To be fair, though, there is one thing that I’ve found CloudFormation to be particularly useful for: provisioning the secure Terraform remote state backend infrastructure you need to get you up and running!
Combining Ansible and Terraform
Like a hammer and chisel, these tools can sculpt masterpieces; Terraform can shape the deployment that you envision, and Ansible can set it free. Here are just a few ways in which you can do more with both.
Terraform is stateful and idempotent, assuming you have already established a persistent, remote state infrastructure. If not, the same Ansible code can ensure all necessary resources on the first run without creating redundancies on subsequent ones.

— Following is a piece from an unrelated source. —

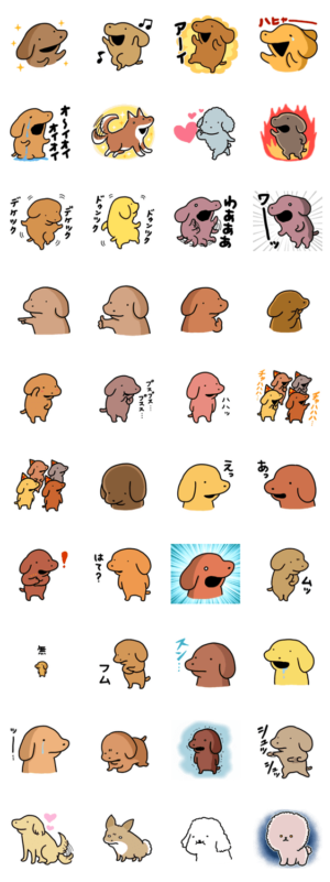 様々な表情をした犬たちのスタンプです。うかうか より発売

Ansible can also be used to initialize backends and template out Terraform variable files dynamically. Suffice it to say, if complex logic is required to configure your deployment at run-time, I would not recommend trying to implement it with Terraform.
Terraform is also verbose. Too verbose, in fact, as it has no mechanism for redacting information. That means no certificates, keys, or other sensitive information can be responsibly managed by Terraform directly. However, Terraform supports the notion of a “null_resource” that can be used to orchestrate arbitrary code execution as part of the standard resource lifecycle. And Ansible does support redaction. That means database passwords can be generated and vaulted adjacent to the code that provisions the database itself. Certificates can be created and signed a few lines above the code that manages the secure listeners that use them. Need to ensure key rotation on a defined interval in line with the continuous delivery of a fleet of instances? These tools have got you covered!
But the most powerful example I have found to date dawned on me after months of contemplating a conundrum: how do I ensure the configuration management of a fleet of secure, publicly inaccessible instances with full visibility of the execution logs in real-time? How can I access that which I have designed to be inaccessible? The solution that I ultimately arrived at was to order a few null resources (Ansible playbook runs) in a dependency chain to leverage and then destroy an ephemeral bridge. Once the infrastructure needed to access the private fleet had been established, it would hop in and provision them. The last step was to simply pass the attribute outputs of those ephemeral resources to another Ansible playbook that would burn the bridge down.
Terraform and Ansible are not necessarily the best at what they do. Well, maybe Terraform is. But every tool has its use cases and there is no “one-size-fits-all”. That said, they both warrant serious consideration when evaluating your own automation. On their own merits, they are each as dynamic and robust as the code that you are able to produce. Together, they are gestalt.